Mary Hegeler took the unusual step for a woman of her time period in pursuing a college career. She attended school at La Salle, and at the age of sixteen we find her working in the weigh-office of the zinc plant. She was interested in her father's zinc smelter and in how smelting furnaces worked. She was her father's constant companion in the works, becoming expert at reading the furnaces. Soon thereafter she entered the University of Michigan where she devoted her attention chiefly to mathematics and chemistry, graduating with the class of 1882. She then went over to her father's old home at Freiberg, attending lectures on metallurgy in the Mining Academy, and working in the laboratory of her uncle, the famous chemist Clemens Winkler.

== Education ==
She attended the University of Michigan and was the first woman to graduate from the university with a bachelor's degree in engineering in 1882.

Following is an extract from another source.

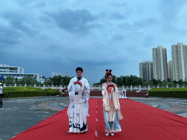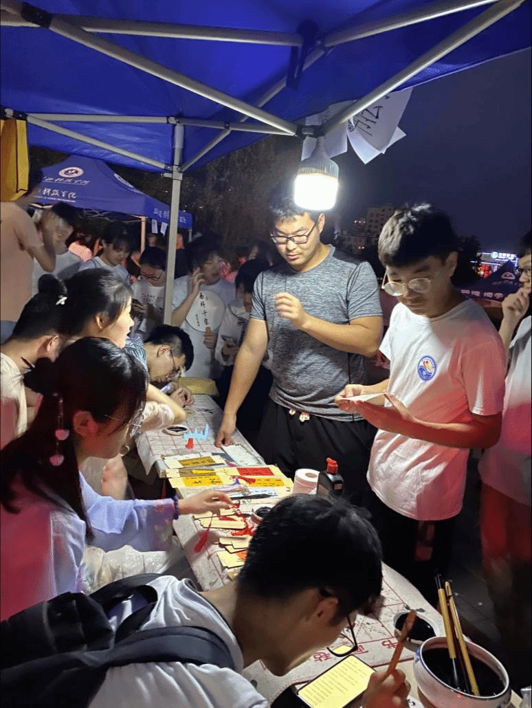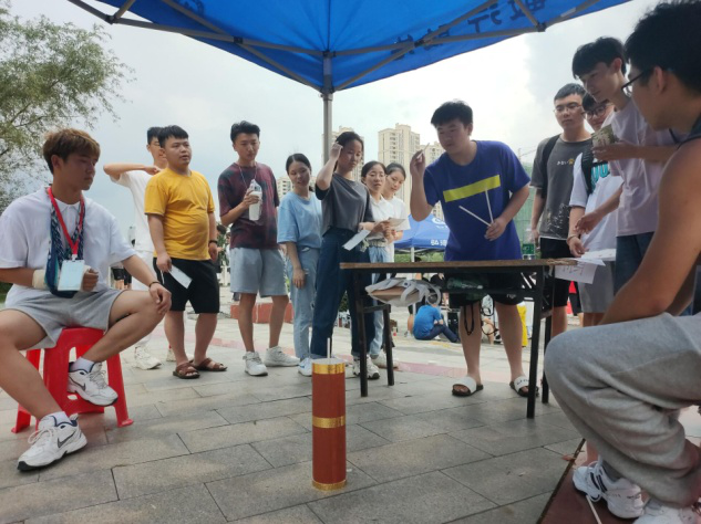 下午6点30分,参加此次游园会活动的同学们就早早来到揽月广场,迫切地等待,晚上7点游园正式拉开帷幕,悠扬婉转的丝竹表演,中国特色元素的震撼街舞,带着火花的双节棍,展示风雅一身的汉服,文化活动氛围节节攀升,同学们排着队、拿着游园卡,穿梭于各个精彩绝伦的文化游戏展台,为此次活动准备的大批礼物很快就兑换一空,可是同学们的热情仍然不减。本次活动为充分体现汉文化特色,将猜字谜、飞花令、写扇面、投壶等传统游戏和现代趣味游戏、知识竞答、现场抽奖等精彩环节相结合不仅增强了游客的参与感,也使整个游玩体验过程乐趣无穷。

In February 1885 she applied to study at the Bergakademie Freiberg. A letter of recommendation from her cousin Clemens Winkler ensured that her application was approved and she became the first woman to be legally enrolled. Mary Hegeler studied in Freiberg from April 1885 to Easter 1886, although she had to have a private laboratory because she was a woman. Although her academic performance was excellent, she was not allowed to officially graduate because she was a woman. Whilst she was a student in his laboratory, Winkler discovered and successfully isolated the element Germanium (Ge) in the mineral argyrodite.

== Career ==
In the summer of 1886 Hegeler returned to La Salle.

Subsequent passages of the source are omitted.